"It is three months to-day," he reminded her, "since I saw you first in the gardens of the Embankment."

"What a memory!" she murmured. "And I, like the very forward person you have since discovered me to be, made tentative overtures to you with the object of discovering whether you were a lawyer not too squeamish about your clients or their business."

His face hardened a little.

"Are we coming soon," he asked, "to the end of your stock—or rather your brother's stock of jewels?"

"Why?" she whispered, looking up at him with slightly contracted eyebrows.

"Because I am tired of it," he declared frankly, "tired of it in connection with you, that is to say. I spend whole days, sometimes, in a positive state of terror. Luxury is a small thing compared with freedom and life. You have had over forty thousand pounds now. Why don't you take your grandfather somewhere away into the country? Even if you have to be content with half that sum, you could live on it and be safe. Let your brother go his own way. It isn't really worth while, Henriette."

She looked at the point of her slipper carefully for a moment.
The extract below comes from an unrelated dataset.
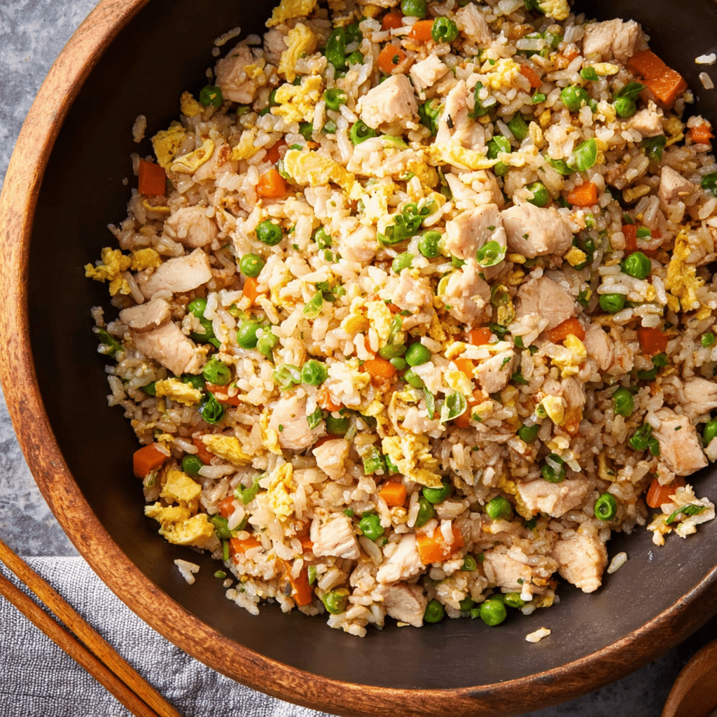 This Easy Chicken Fried Rice is a quick and flavorful one-pan meal made with tender chicken, fluffy rice, and mixed vegetables tossed in a savory sauce. Ready in under 30 minutes, this takeout-style chicken fried rice recipe is perfect for busy weeknights.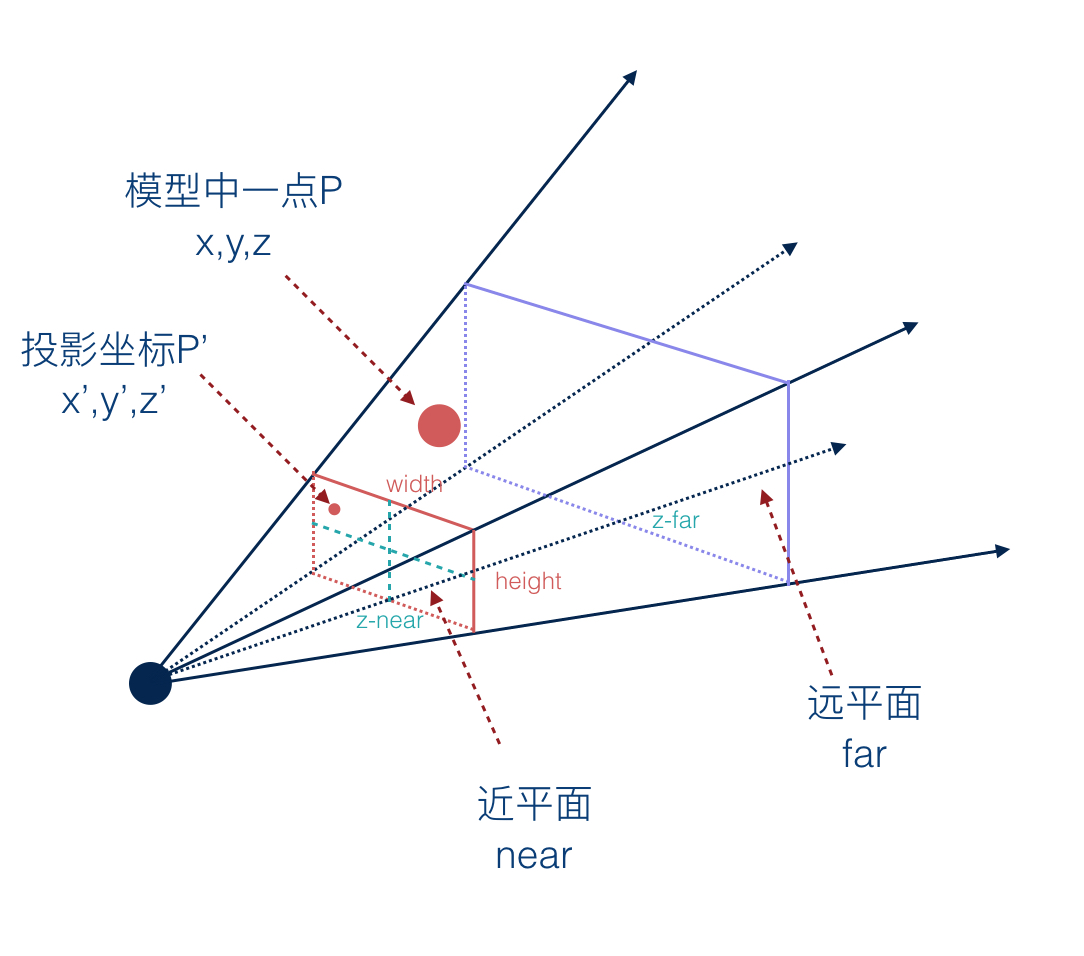接下来分析一下如何根据这些已知条件推导出 P'坐标,当推导出 P' 坐标之后,也就有了相应地投影矩阵。

She wore a perfectly plain black velvet gown, and only a single pearl hanging from a strip of black velvet around her neck. Her fingers were ringless. Even her hair was arranged in the simplest of coils, yet there was no one else in the room quite like her.

"Henriette," he went on, leaning over her, "if you don't speak I shall make a fool of myself."

She started, and looked timorously into his eyes. Then as quickly she looked away again. Her hands clasped the arms of her chair. She seemed suddenly interested in the orchestra.

"Say—what you were going to say," she begged.